THE PROBLEM:
Reproduce the lines below exactly. Skip images.

DATA BELOW:
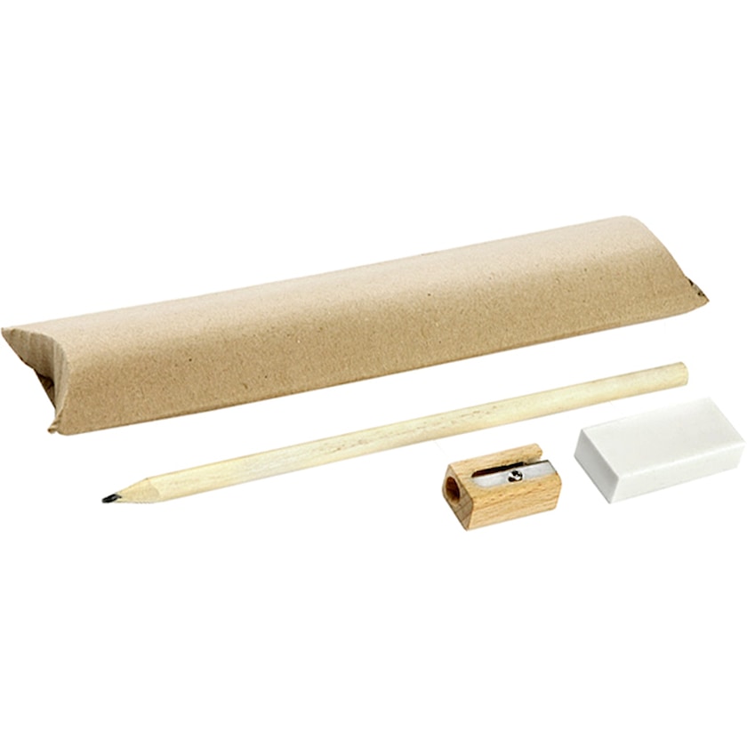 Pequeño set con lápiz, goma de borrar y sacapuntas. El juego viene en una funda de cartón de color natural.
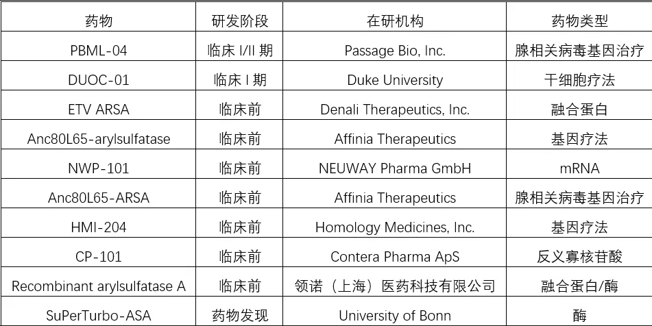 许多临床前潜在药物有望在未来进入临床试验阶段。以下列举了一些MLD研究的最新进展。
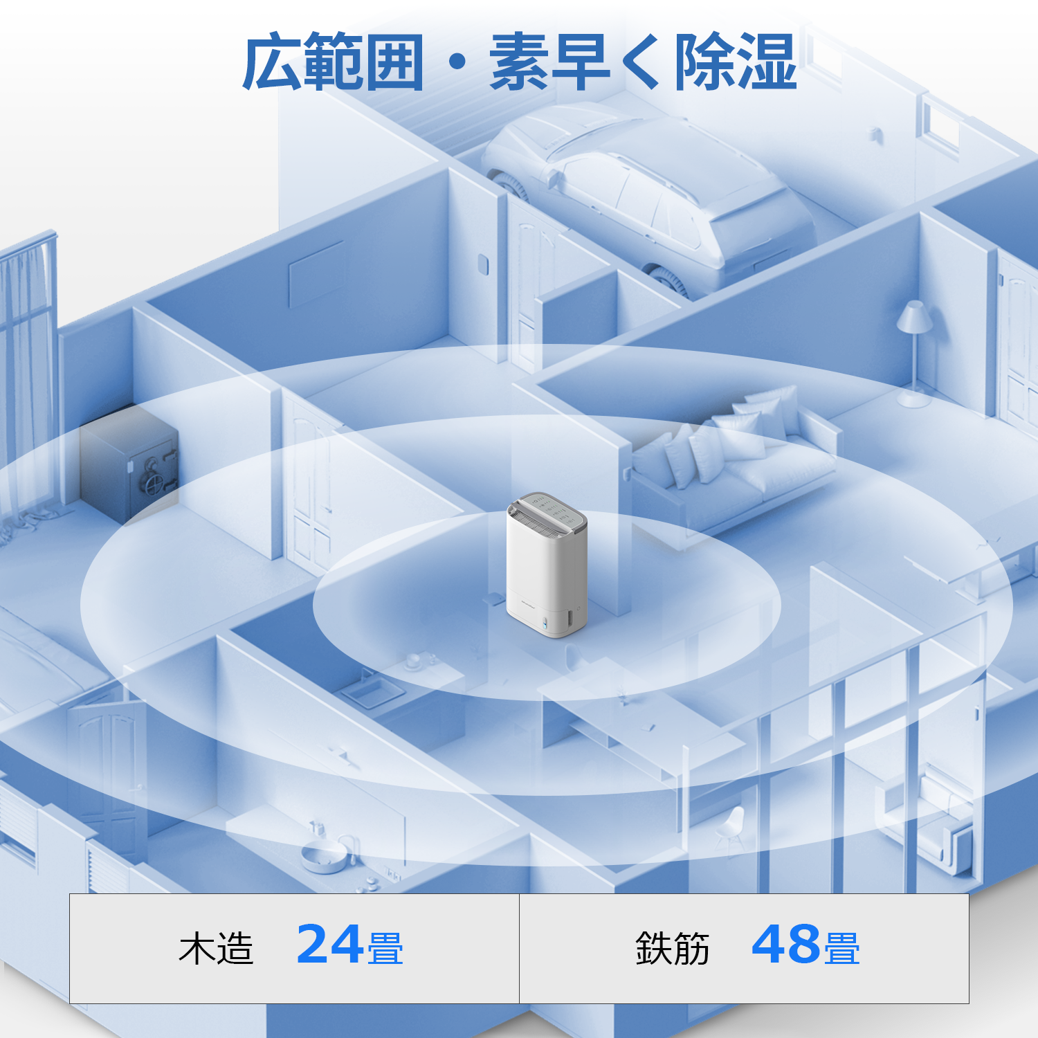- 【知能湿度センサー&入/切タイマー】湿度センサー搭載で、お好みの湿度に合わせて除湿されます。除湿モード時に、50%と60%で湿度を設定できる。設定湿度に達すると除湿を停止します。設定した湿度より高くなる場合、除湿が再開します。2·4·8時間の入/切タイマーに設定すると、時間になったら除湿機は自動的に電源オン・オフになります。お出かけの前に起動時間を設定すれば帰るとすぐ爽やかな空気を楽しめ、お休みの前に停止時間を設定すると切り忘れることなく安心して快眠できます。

OUTPUT OF THE EXERCISE:
 Pequeño set con lápiz, goma de borrar y sacapuntas. El juego viene en una funda de cartón de color natural.
 许多临床前潜在药物有望在未来进入临床试验阶段。以下列举了一些MLD研究的最新进展。
- 【知能湿度センサー&入/切タイマー】湿度センサー搭載で、お好みの湿度に合わせて除湿されます。除湿モード時に、50%と60%で湿度を設定できる。設定湿度に達すると除湿を停止します。設定した湿度より高くなる場合、除湿が再開します。2·4·8時間の入/切タイマーに設定すると、時間になったら除湿機は自動的に電源オン・オフになります。お出かけの前に起動時間を設定すれば帰るとすぐ爽やかな空気を楽しめ、お休みの前に停止時間を設定すると切り忘れることなく安心して快眠できます。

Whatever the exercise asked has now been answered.